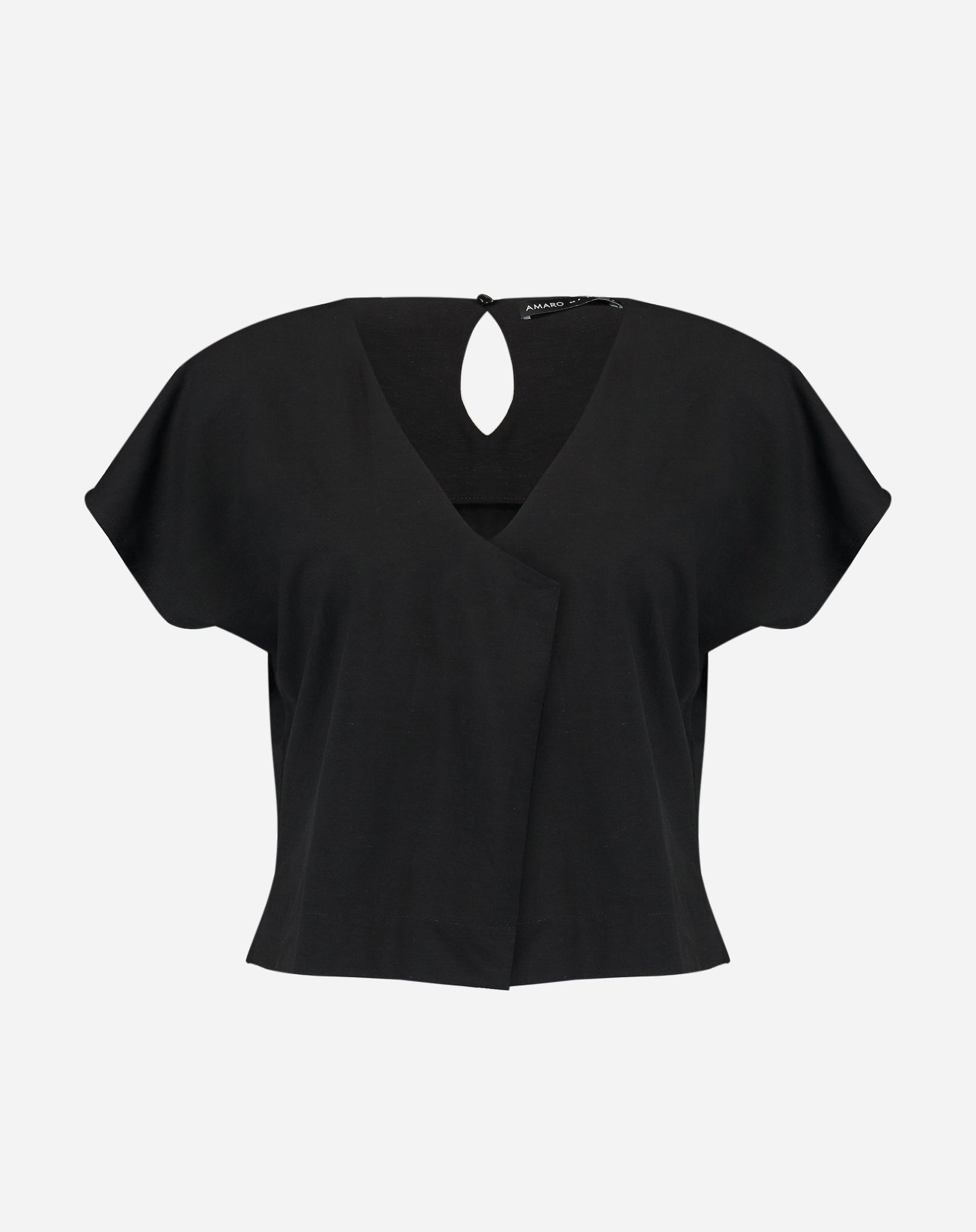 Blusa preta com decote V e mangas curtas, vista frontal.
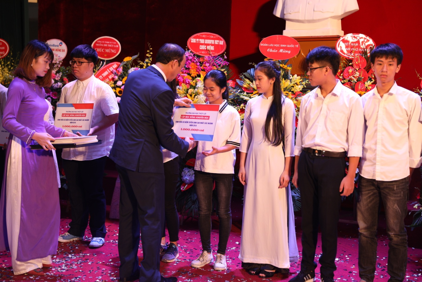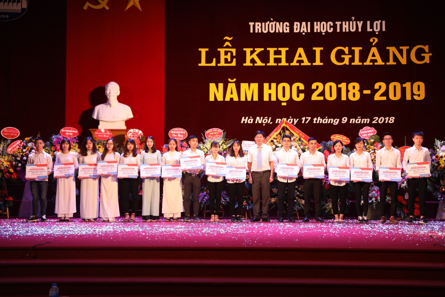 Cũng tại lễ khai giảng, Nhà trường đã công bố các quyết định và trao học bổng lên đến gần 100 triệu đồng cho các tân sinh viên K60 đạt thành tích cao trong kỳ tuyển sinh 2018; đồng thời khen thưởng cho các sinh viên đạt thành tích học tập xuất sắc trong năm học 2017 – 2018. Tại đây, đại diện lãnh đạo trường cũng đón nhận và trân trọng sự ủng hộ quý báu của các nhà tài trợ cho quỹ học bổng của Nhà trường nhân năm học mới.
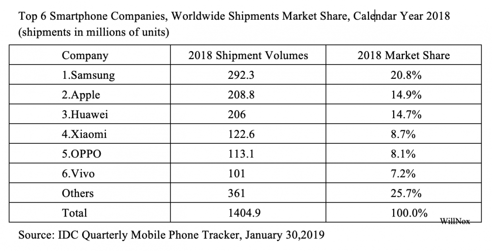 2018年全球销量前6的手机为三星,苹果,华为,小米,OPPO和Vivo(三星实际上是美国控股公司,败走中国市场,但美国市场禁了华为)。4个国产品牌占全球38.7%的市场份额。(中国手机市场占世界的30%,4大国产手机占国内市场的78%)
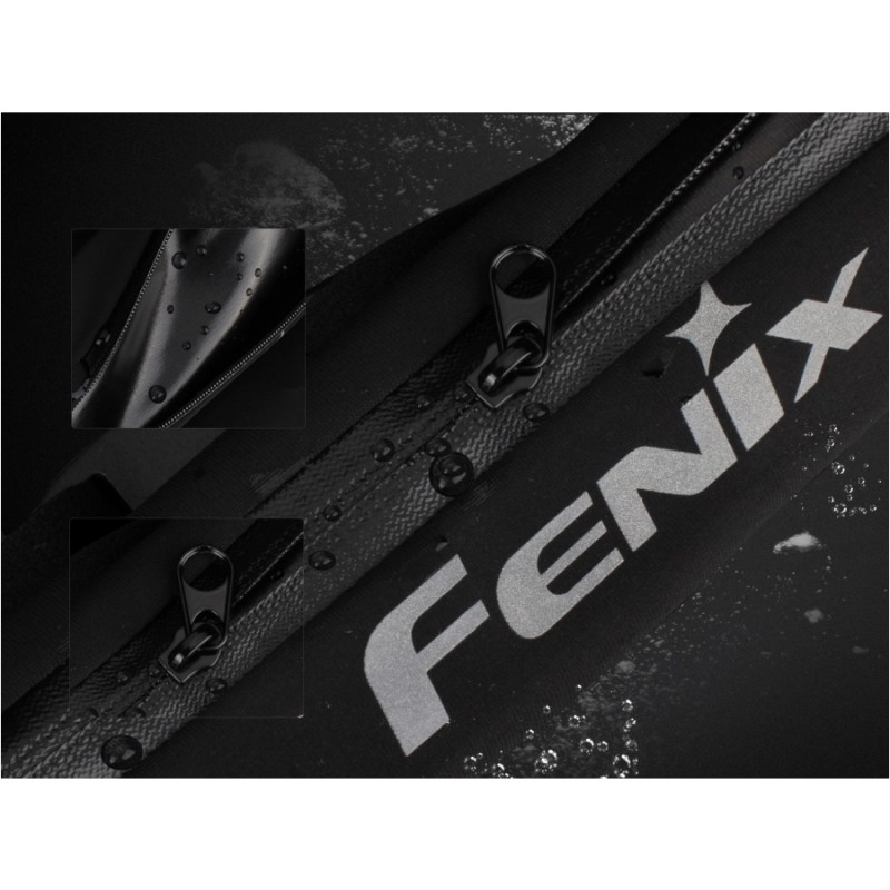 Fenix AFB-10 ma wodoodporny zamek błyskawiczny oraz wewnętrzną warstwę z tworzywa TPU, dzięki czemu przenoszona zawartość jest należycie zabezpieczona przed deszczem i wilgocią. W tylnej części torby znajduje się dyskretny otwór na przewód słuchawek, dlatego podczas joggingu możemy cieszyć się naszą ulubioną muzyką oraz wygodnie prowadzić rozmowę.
##########
→ **REQUIRED WORK**:
Would you restate word for word only the lines from the one containing "2018年全球销量前6的手机" to the final line of the material, both ends included, without any pictures?

→ **SOLVED PROBLEM**:
 2018年全球销量前6的手机为三星,苹果,华为,小米,OPPO和Vivo(三星实际上是美国控股公司,败走中国市场,但美国市场禁了华为)。4个国产品牌占全球38.7%的市场份额。(中国手机市场占世界的30%,4大国产手机占国内市场的78%)
 Fenix AFB-10 ma wodoodporny zamek błyskawiczny oraz wewnętrzną warstwę z tworzywa TPU, dzięki czemu przenoszona zawartość jest należycie zabezpieczona przed deszczem i wilgocią. W tylnej części torby znajduje się dyskretny otwór na przewód słuchawek, dlatego podczas joggingu możemy cieszyć się naszą ulubioną muzyką oraz wygodnie prowadzić rozmowę.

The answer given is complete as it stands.